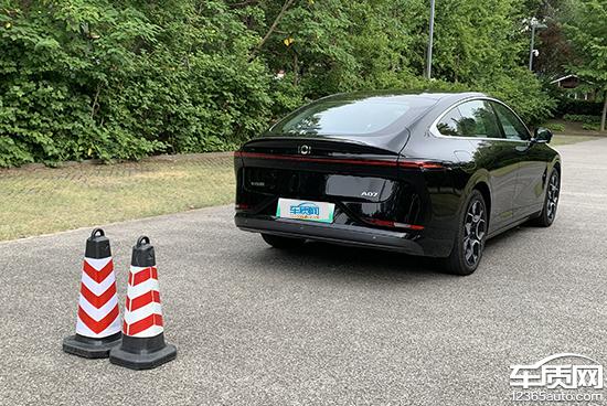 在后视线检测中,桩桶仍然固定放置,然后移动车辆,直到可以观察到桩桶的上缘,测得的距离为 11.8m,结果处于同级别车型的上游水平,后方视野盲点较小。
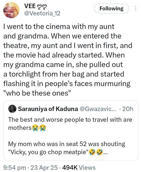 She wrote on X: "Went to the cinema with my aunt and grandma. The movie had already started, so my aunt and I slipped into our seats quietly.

==

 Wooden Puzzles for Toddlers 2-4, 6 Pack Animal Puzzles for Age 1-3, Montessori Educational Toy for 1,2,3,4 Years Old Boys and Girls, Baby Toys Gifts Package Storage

---

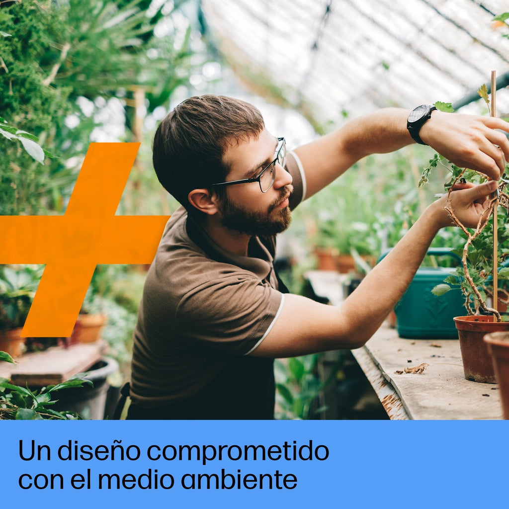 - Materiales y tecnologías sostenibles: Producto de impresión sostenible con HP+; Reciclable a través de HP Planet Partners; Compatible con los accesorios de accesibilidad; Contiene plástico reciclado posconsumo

• [Exercise] Output only the lines above from the one containing "在后视线检测中,桩桶仍然固定" to the one containing "She wrote on", both included, exactly as written and with no pictures.

• [Answer box]
 在后视线检测中,桩桶仍然固定放置,然后移动车辆,直到可以观察到桩桶的上缘,测得的距离为 11.8m,结果处于同级别车型的上游水平,后方视野盲点较小。
 She wrote on X: "Went to the cinema with my aunt and grandma. The movie had already started, so my aunt and I slipped into our seats quietly.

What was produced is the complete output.